# SP 2022 holster



## rfair (Feb 9, 2009)

Hey Sig fans,
If you are looking for any holster for your SP 2022, I guess any holster that will fit a Springfield XD will fit great! I do know the XD holster I bought for mine is a perfect fit! Just food for thought.......


----------



## literaltrance (Dec 24, 2008)

Since the topic is on the table it's probably worth mentioning the sp2340 is the "older" model of the sp2022. By all accounts i have seen, a sp2022 handgun should work with a sp2340 holster. Food for thought.


----------



## Growler67 (Sep 8, 2008)

rfair said:


> Hey Sig fans,
> If you are looking for any holster for your SP 2022, I guess any holster that will fit a Springfield XD will fit great! I do know the XD holster I bought for mine is a perfect fit! Just food for thought.......

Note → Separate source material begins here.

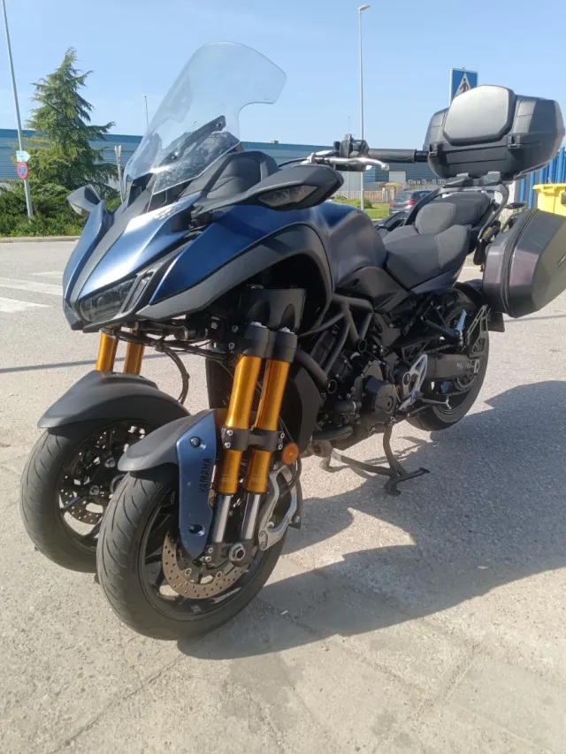 Detalles del productoYamaha Niken GT en color azul y negro, estilo touring.

Would be more useful information if you mentioned which holster you HAVE for your XD. I'm just sayin'.


----------



## rfair (Feb 9, 2009)

I have a Serpa II for an XD which fits perfect on my SP 2022! I just assumed that they should pretty much be a crossover if a hard composite one fits so well.


----------



## Growler67 (Sep 8, 2008)

Okay. I tried my SP in my SERPA but it wouldn't fit. My SERPA is for a P228, though my P220 and P226 also fit just fine.


----------